There’s some logic, then, to the games that deal with huge population losses and get written off by many players, only to continue onward with aims to retain that core of loyal players until a more natural growth point happens again. I’ve talked about the multiple options and costs that lead us to probably not value the place of our MMOs as centrally as they might have once been to our entertainment lives. Yet, just think about it from a studio’s point of view - retaining the players you already have a relationship with, whether they’re paying customers or not, is difficult, but builds the backbone of the game.
There have been many shifts surrounding MMOs, including a broadening of the term, but the players clearly remain important. In fact, the report concludes that the first 30 days post-launch are critical in judging a game’s long-term potential. Given the data here, the recent spikes in activity in games like Star Wars: The Old Republic and Guild Wars 2, although operating on different models (hybrid free to play versus buy to play), are both benefiting from the release or upcoming release of significant expansions, several years after initial release. The Elder Scrolls Online will also be a case to watch, given its shift to a buy to play hybrid model. Though for that game, the lack of official player numbers as well as only being able to guess now if subscriptions will plummet, leave that for another day’s analysis.

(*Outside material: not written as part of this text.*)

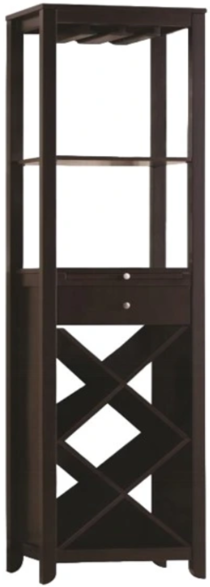 Storage: 2 open compartments, 1 drawer, 1 tray, wine bottle rack (9 compartments: "x" shape shelves)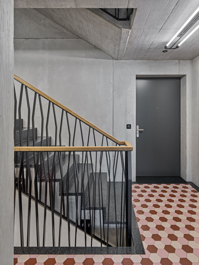 Neben der Anlehnung an die quartiertypischen Proportionen und mineralische Materialisierung, wird die gemeinschaftliche Dachterrasse als Merkmal mit hohem Wiedererkennungswert, typisch für Zürich, gestaltet. Der Innenhof wird zugunsten aller aufgewertet und das Sechseck als wiederkehrendes identitätsstiftendes Gestaltungselement im gesamten Projekt genutzt; einschliesslich des Bodens, des Dachs, der Signaletik und der Türgriffe.

Still, while this only covers free to play games, it lends something to arguments both positive and negative about the free to play model. Those who feel that free to play equals a throwaway game that isn’t worth much will point to low retention and see justification. Those who see the numbers about decay slowing down and players discovering good games eventually will see justification too. So, ultimately, has this info just brought us into a big circle of the same arguments? Maybe, but the MMO community hasn’t had such info before, and even with its flaws, it can help us with some understanding of how we play.